Data records:
───

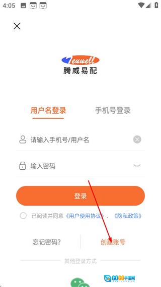 1、进入腾威易配的登录页面后,找到并点击创建账号的选项,即可跳转至注册页面。
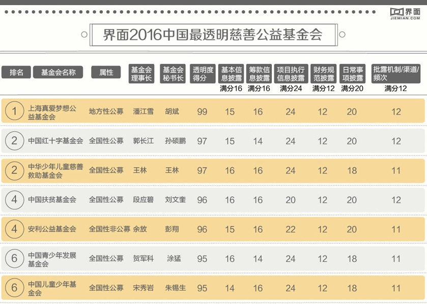 界面發(fā)布了其第一份基金會榜單——“2016中國最透明慈善公益基金會排行榜”。該榜單共有50家基金會入選,上海真愛夢想公益基金會作為地方性公募基金會,今年名列榜首,中國紅十字基金會和中華少年兒童慈善救助基金會并列第二。50家基金會的2015年捐款收入總額為90.1億元,較其2014年的捐款收入總額73.5億元增長了21.6%。(美通社,2017年1月6日北京)
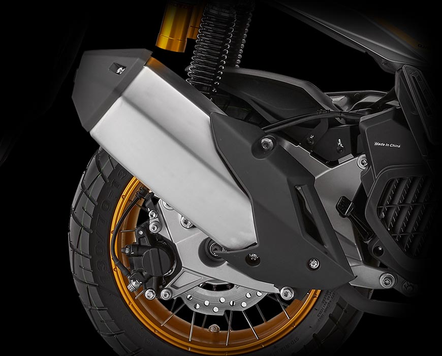 Koncovka výfuku kopíruje designové linie celého skútru a přispívá k dynamickému charakteru ATR125. Navíc má i krásný zvuk, na který budete hrdí!
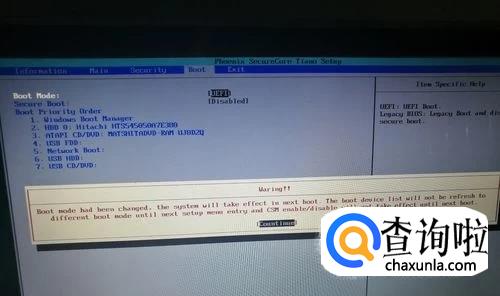 之后又会有很多的选项,我们找到“Legacy BIOS”,按回车键,会有一个警告的提示框弹出来,我们还是按回车。
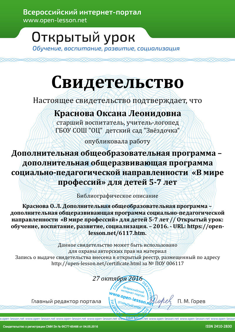 Красновский Л.И. Опыт ранней профориентации / Л.И. Красновский. // Дошкольное воспитание. — 1991. — №10. — С.39—44. |

───

_Assigned task_. The required output is every line from the one containing "之后又会有很多的选项,我们找" through the last line of the records, inclusive, reproduced exactly and without pictures.

_Answer section_.
 之后又会有很多的选项,我们找到“Legacy BIOS”,按回车键,会有一个警告的提示框弹出来,我们还是按回车。
 Красновский Л.И. Опыт ранней профориентации / Л.И. Красновский. // Дошкольное воспитание. — 1991. — №10. — С.39—44. |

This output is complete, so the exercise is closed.